■ Task goal ■
Every line below from the one with "Built on a black" through the one with "No Adhesive Home" is to be repeated exactly, with no picture among them.

■ Data for the task ■

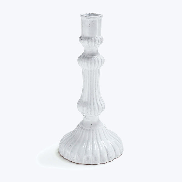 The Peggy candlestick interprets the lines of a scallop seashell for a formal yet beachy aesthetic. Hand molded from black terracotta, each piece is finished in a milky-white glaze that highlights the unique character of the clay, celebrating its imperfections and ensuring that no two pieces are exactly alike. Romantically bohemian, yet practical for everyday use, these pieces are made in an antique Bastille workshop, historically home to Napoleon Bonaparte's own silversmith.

...

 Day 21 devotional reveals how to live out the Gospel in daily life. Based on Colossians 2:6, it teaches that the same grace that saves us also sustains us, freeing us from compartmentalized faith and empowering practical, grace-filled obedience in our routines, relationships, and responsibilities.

...

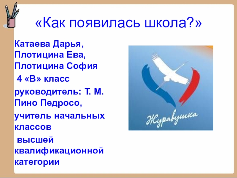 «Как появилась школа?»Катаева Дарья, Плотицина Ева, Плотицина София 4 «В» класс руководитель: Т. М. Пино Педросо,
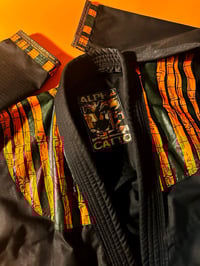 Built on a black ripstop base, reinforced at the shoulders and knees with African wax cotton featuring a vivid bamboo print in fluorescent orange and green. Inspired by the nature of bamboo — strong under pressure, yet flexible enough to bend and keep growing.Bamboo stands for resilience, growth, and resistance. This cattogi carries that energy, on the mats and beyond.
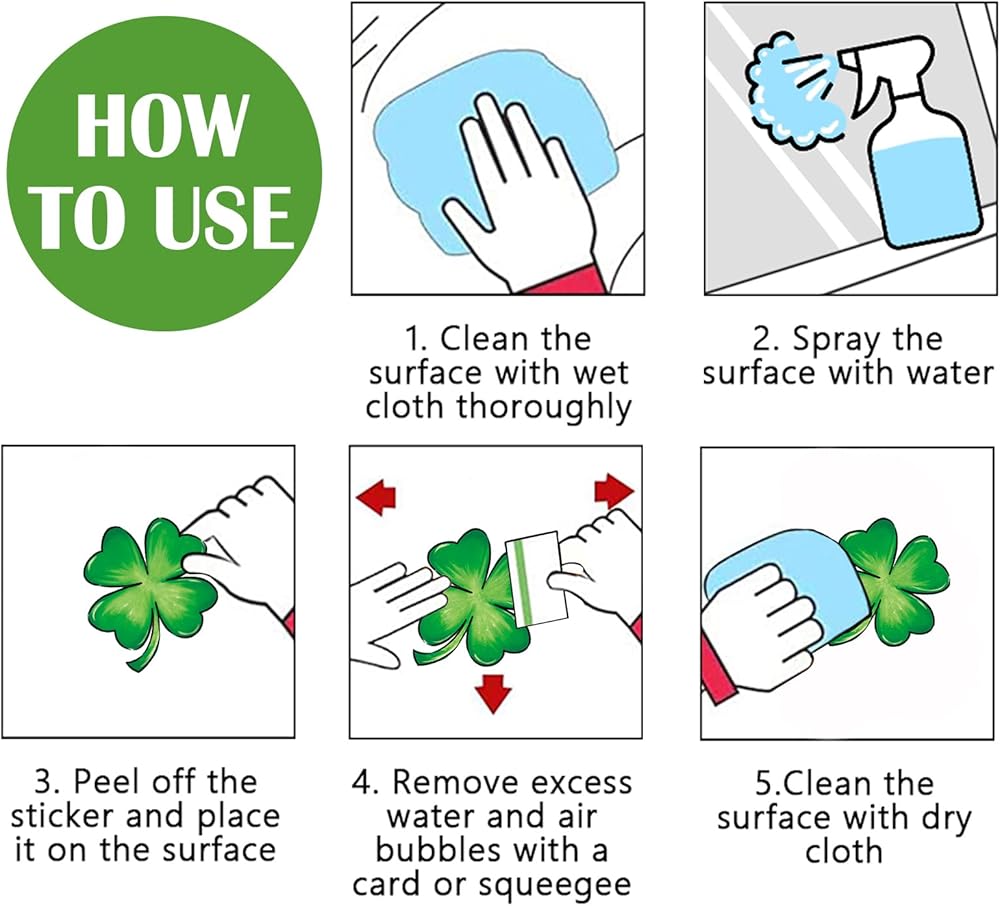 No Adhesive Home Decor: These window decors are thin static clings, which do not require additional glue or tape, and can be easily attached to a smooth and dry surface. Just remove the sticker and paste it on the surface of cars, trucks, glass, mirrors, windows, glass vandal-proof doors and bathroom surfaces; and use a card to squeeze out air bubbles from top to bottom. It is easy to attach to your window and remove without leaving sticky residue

■ Exercise response ■
 Built on a black ripstop base, reinforced at the shoulders and knees with African wax cotton featuring a vivid bamboo print in fluorescent orange and green. Inspired by the nature of bamboo — strong under pressure, yet flexible enough to bend and keep growing.Bamboo stands for resilience, growth, and resistance. This cattogi carries that energy, on the mats and beyond.
 No Adhesive Home Decor: These window decors are thin static clings, which do not require additional glue or tape, and can be easily attached to a smooth and dry surface. Just remove the sticker and paste it on the surface of cars, trucks, glass, mirrors, windows, glass vandal-proof doors and bathroom surfaces; and use a card to squeeze out air bubbles from top to bottom. It is easy to attach to your window and remove without leaving sticky residue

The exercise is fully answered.